* What is being asked: Please set down only the lines below starting with the line with "Goldrand, ø 28 cm" and going on through the line with "A noter : la", verbatim and without pictures.

* Information shown:
※ ※ ※

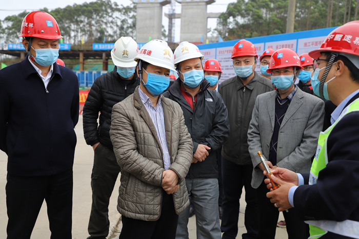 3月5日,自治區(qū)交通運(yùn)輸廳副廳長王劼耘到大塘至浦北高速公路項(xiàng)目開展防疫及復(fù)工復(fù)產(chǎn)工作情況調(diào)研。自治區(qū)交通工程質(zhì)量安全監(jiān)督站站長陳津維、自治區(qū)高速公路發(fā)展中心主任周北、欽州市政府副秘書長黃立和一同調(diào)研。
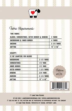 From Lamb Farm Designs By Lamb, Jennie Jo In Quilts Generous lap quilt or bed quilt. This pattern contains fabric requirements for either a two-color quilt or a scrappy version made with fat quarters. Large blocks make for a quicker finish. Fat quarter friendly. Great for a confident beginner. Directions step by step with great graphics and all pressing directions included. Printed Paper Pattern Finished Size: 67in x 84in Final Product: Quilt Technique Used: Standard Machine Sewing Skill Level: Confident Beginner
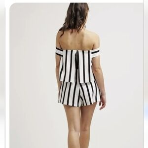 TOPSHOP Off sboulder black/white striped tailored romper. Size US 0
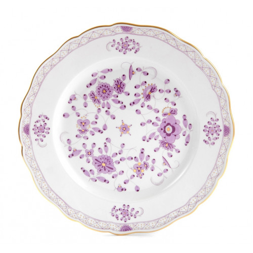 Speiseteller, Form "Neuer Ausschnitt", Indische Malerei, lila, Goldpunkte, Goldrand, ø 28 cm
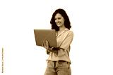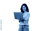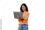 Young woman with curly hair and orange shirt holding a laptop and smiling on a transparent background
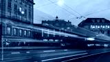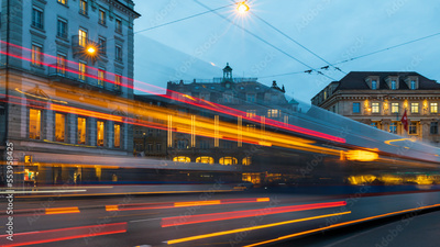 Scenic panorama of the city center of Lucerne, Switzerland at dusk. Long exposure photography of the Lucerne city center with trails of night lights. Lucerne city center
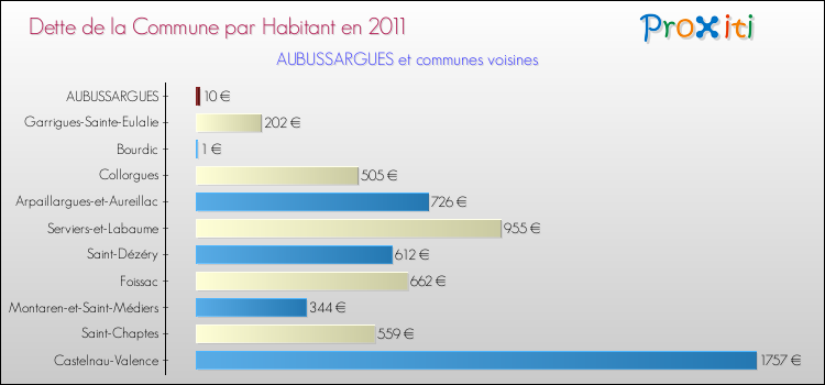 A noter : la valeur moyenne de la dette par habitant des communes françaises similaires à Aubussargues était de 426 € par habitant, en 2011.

※ ※ ※

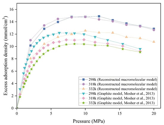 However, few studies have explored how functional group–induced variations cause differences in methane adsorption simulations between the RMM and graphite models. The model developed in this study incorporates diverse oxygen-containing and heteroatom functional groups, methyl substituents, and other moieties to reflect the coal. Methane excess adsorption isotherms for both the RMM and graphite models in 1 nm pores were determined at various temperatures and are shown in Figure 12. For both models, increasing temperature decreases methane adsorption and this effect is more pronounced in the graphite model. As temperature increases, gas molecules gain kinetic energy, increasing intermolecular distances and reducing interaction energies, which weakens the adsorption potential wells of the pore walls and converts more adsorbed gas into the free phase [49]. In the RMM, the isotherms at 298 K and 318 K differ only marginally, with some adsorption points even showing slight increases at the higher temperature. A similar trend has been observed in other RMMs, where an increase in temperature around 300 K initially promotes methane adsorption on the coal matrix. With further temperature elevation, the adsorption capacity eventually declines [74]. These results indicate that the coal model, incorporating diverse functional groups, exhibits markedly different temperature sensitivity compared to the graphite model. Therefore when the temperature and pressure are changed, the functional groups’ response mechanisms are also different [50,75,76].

※ ※ ※

* The answer:
 Speiseteller, Form "Neuer Ausschnitt", Indische Malerei, lila, Goldpunkte, Goldrand, ø 28 cm
 Young woman with curly hair and orange shirt holding a laptop and smiling on a transparent background
 Scenic panorama of the city center of Lucerne, Switzerland at dusk. Long exposure photography of the Lucerne city center with trails of night lights. Lucerne city center
 A noter : la valeur moyenne de la dette par habitant des communes françaises similaires à Aubussargues était de 426 € par habitant, en 2011.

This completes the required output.